Records from a data collection
__________________________________________________

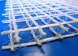 The characteristic features of TRC are its thin structure and malleable nature, as well as its ability to retain a high tensile strength; this is due to reinforcement in the concrete that uses long continuous fibers that are woven in a specific direction in order to add strength.[11] As the result of the varying strength and properties needed to support correct loading, there are many different types of yarns, textiles weaves, and shapes that can be used in TRC. The textile begins with a yarn that is made of a continuous strand of either filaments or staples. The yarn is woven, knit, glued, braided or is left non-woven, depending on the needs of the project.[13] Carbon, AR glass, and basalt are especially good materials for this process. Carbon has good tensile strength and low heat expansion, but is costly and has bad adhesion to concrete. Basalt is formed by melting basalt rock; it is more cost effective than carbon, and has a good tensile strength. The drawback of basalt is when it is placed in an alkali solution, such as concrete, it loses some of its volume of fibers, thus reducing its strength. This means a nano composite polymer coating must be applied to increase the longevity of the construction. AR glass has this problem, as well, but the positives of using AR glass in TRC structure, including its adhesion to concrete and low cost, outweigh these issues.[13]
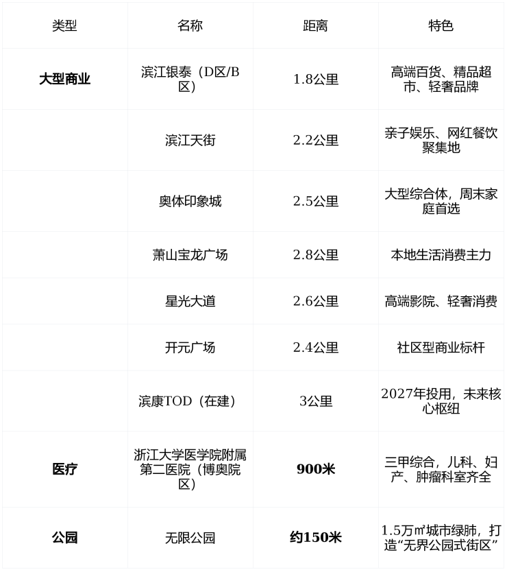 通勤优势 :无论是去滨江互联网企业、奥体赛事场馆,还是西湖景区,均实现“15分钟生活圈”全覆盖。
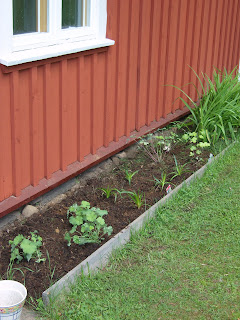Vad skall man säga om helgen som var? Sol, sol och åter sol, bad i skogssjö, goda vänner på besök, utemiddagar, fasadmålning, trädgårdspyssel, myggbett, varma nätter. Utplantering av det som drivits upp från frö hemma, bl.a. luktärter och slingerkrasse. Lätt vånda över torkan, kanske jag skulle ha planterat färre buskar som behöver stödvattnas på samma gång... Rosenkvitten, ny favorit, får vänta tills nästa år.
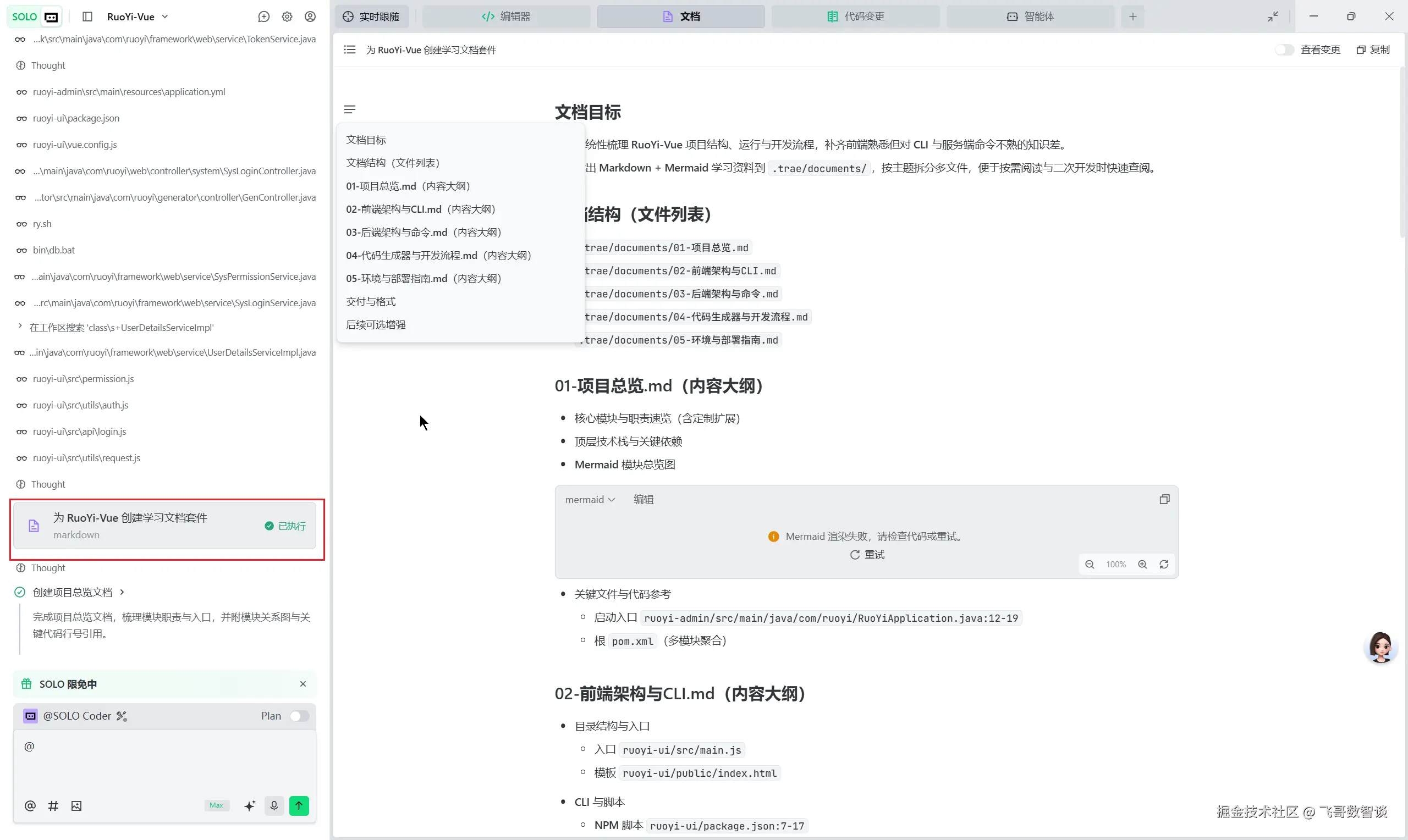 采用了 SOLO Coder 智能体,选择了 Plan 模式。
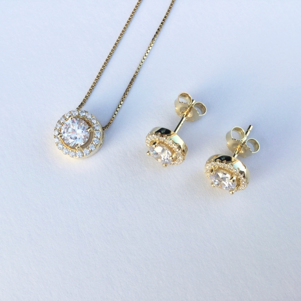 Bei diesem fein gearbeiteten, edlen Anhänger mit Kette vereinen sich um einen funkelnden, runden Zirkonia scheinbar fugenlos weitere Steine im Fantasie-Schliff und verleiht ihm eine auffallende Einzigartigkeit. Besonders luxuriös wirkt die Kette im Set mit den passenden Ohrringen.
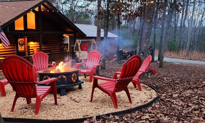 This single-story cabin accommodates 4 guests with 2 bedrooms, 1 sofa bed, a game room, a fireplace, and an outdoor fire pit.
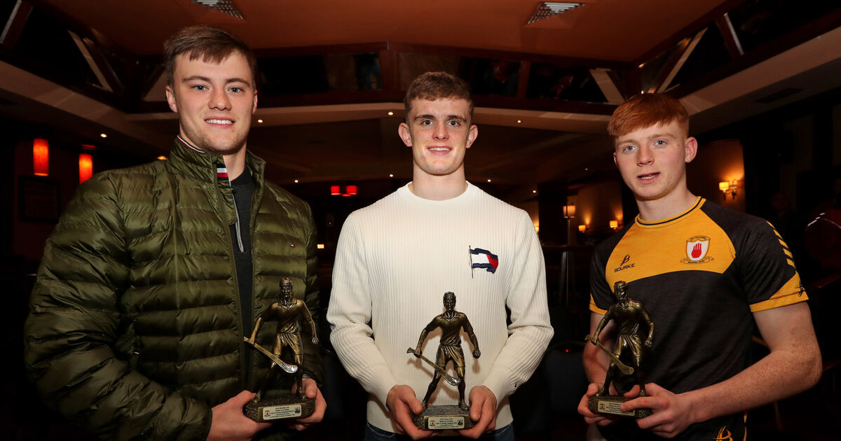 Kevin Moynihan, Daire Connery and Ross O'Sullivan, Na Piarsaigh players who represented Cork hurling, with trophies presented by the club. Picture: Jim Coughlan.
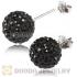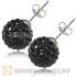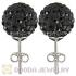 10mm Sterling Silver Black-White Czech Crystal Stud Earrings Wholesale
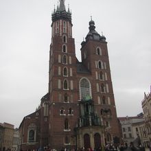 クラクフ旧市街の中央広場に建っている古い教会です。
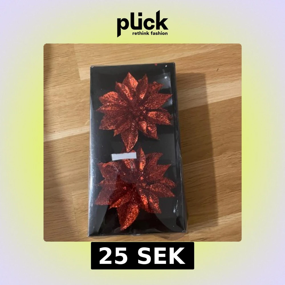 Två stora röda blommor täckta av glitter, formade som julstjärnor och förpackade i en svart ask. Perfekta som dekoration till jul eller fest. Materialet är konstgjort och blommorna har en tydlig glanseffekt.
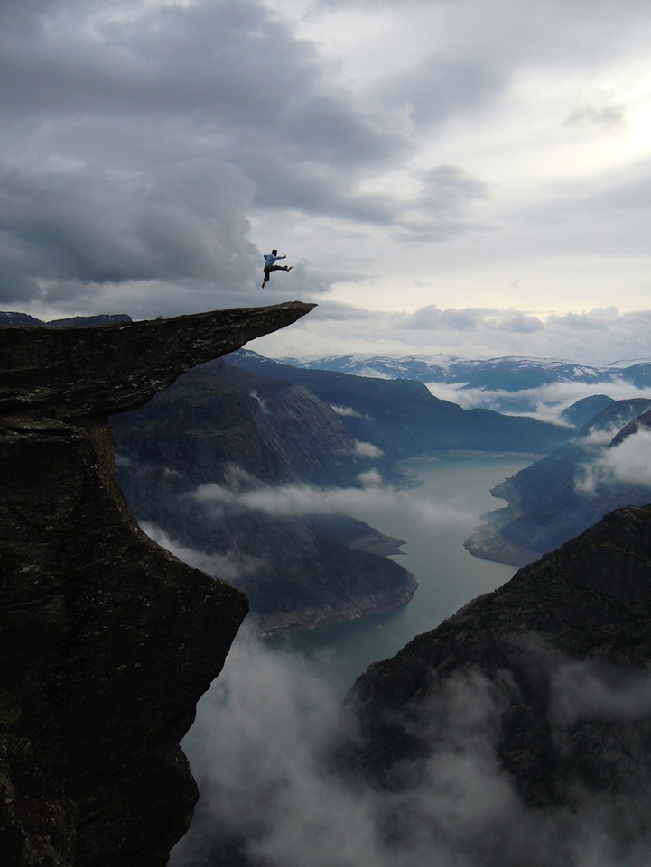 Dôkazom je aj tento skamenelý "Jazyk obra", alebo "Trolltunga" v Nórsku. "Trolltunga" je neobvyklá skala, ktorá sa nachádza vysoko v nórskych horách. Pomenovanie získala vďaka svojmu tvaru a legendy, ktorá sa s ňou spája. Keď sa na túto skalu dostanete, máte pocit, že stojíte na vrchole sveta, pretože sa vám naskytne dychberúci výhľad na šíre okolie.
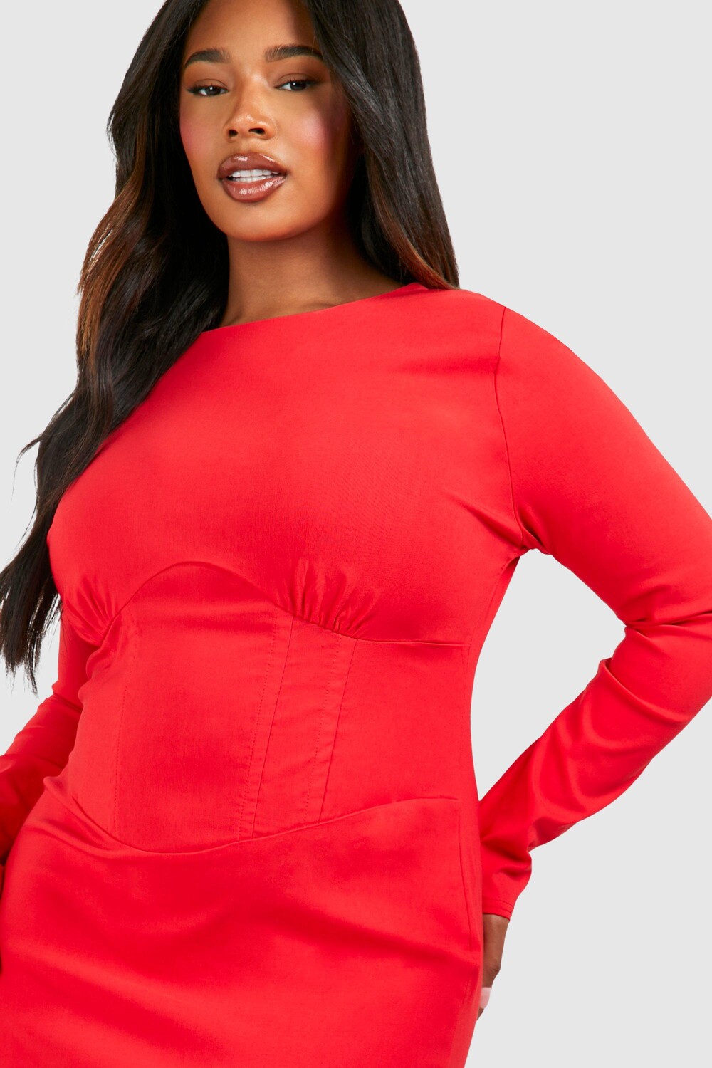 Мини-платье Plus с бенгальским корсетом boohoo, красный
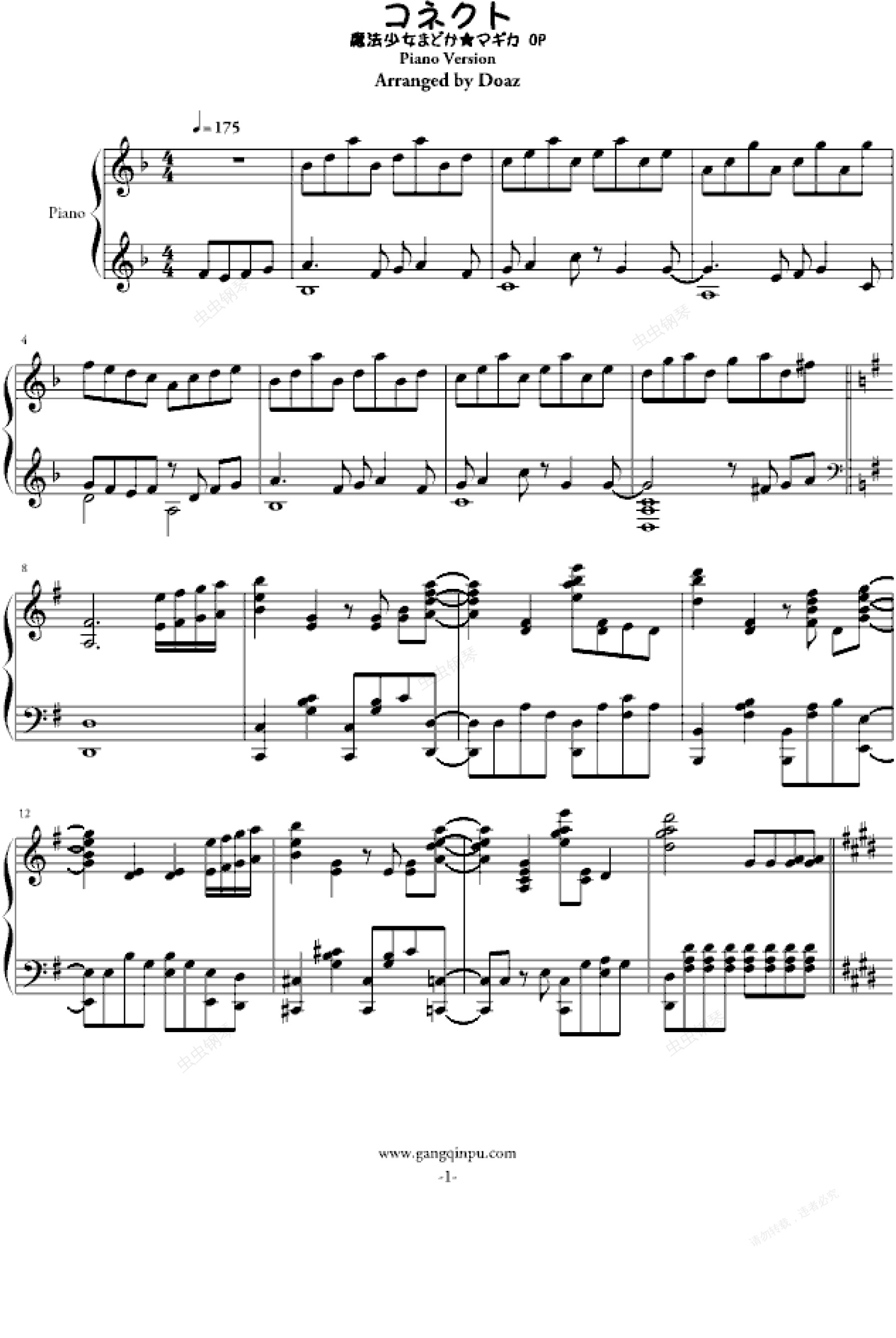 钢琴谱:【魔法少女小圆OP】コネクト
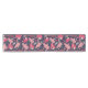 Ara Parrot Red Pink Drawing Tropical Leave Pattern Table Runner. Ara pattern on dark blue background with tropical leaves in green, red and beige colours.
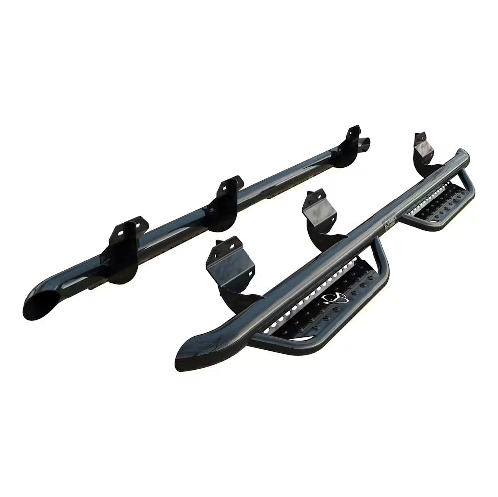Strong and dependable, Ranch Hand Legend running steps are constructed from 3 in. pipe and 3/16 in. thick brackets for enhanced security to the truck. The steps are frame-mounted in factory locations for easy installation with no drilling required on most models. The front step plates are punched with the official cowboy hat Ranch Hand logo, and all steps have raised steel treads to promote reliable traction when entering or exiting your truck. To maximize safety, Ranch Hand running steps have a vehicle-specific configuration to match the door layout and promote optimal safety and convenience. They feature 1-1/2 in. diameter, drop-down tubes that hold 4 in. wide, 12-gauge punched plates for the perfect platform for stepping into your truck with ease. Each set of steps is finished with a tough, dual-layer A-coat and gloss black powder coating that provides exceptional rust resistance for long-lasting dependability. This particular set of Ranch Hand Legend running steps fits select model years of the Ford F-150, Ford F-250 Super Duty and Ford F-350 Super Duty (see application info to verify fitment).
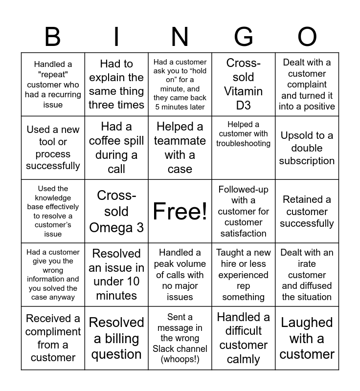 This bingo card has a free space and 24 words: Resolved an issue in under 10 minutes, Resolved a billing question, Helped a teammate with a case, Received a compliment from a customer, Dealt with a customer complaint and turned it into a positive, Handled a "repeat" customer who had a recurring issue, Used a new tool or process successfully, Had to explain the same thing three times, Followed-up with a customer for customer satisfaction, Handled a peak volume of calls with no major issues, Helped a customer with troubleshooting, Used the knowledge base effectively to resolve a customer’s issue, Taught a new hire or less experienced rep something, Dealt with an irate customer and diffused the situation, Had a coffee spill during a call, Handled a difficult customer calmly, Retained a customer successfully, Had a customer ask you to “hold on” for a minute, and they came back 5 minutes later, Upsold to a double subscription, Cross-sold Omega 3, Laughed with a customer, Had a customer give you the wrong information and you solved the case anyway, Cross-sold Vitamin D3 and Sent a message in the wrong Slack channel (whoops!).
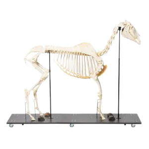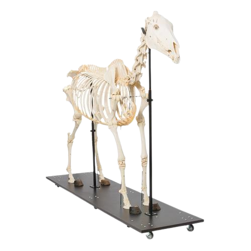 This impressive specimen of a horse skeleton comes mounted on a wooden base for easy display in the classroom. There is no better way to study the anatomy of Equus caballus then with this full horse skeleton. The complete horse skeleton makes detailed anatomical study easy. This animal skeleton is perfect for mammal and comparative anatomy studies. Delivery time upon request.
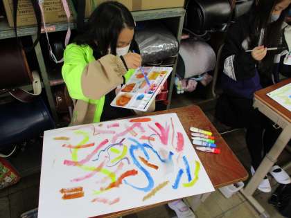 絵具を使って,おもいおもいに表現しました。水の量を調節したり,筆の使い方を工夫したり,色を混ぜてつくったりして楽しみました。イイ感じです。
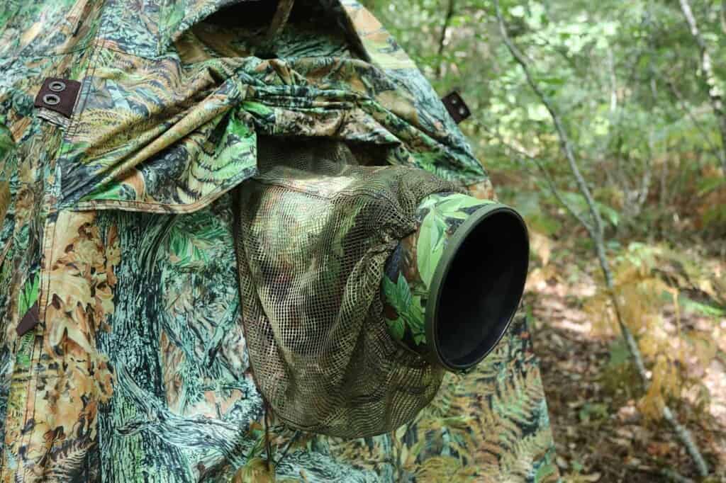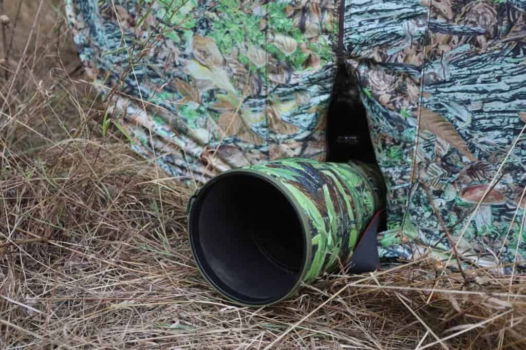 What you’ll quickly notice about hunting blinds is that they either have no large openings to poke your lens through, or they have giant openings spanning the entire side of the blind that seriously reduce your ability to hide you and your gear. A skinny rifle muzzle is much easier to hide than a huge super-telephoto lens.

__________________________________________________

§ **Required action**
In the entries above, every line from the line with "クラクフ旧市街の中央広場に建っている古い教会です。" to the line with "Två stora röda" is to be printed exactly, with both ends included and pictures excluded.

§ **Task response**
 クラクフ旧市街の中央広場に建っている古い教会です。
 Två stora röda blommor täckta av glitter, formade som julstjärnor och förpackade i en svart ask. Perfekta som dekoration till jul eller fest. Materialet är konstgjort och blommorna har en tydlig glanseffekt.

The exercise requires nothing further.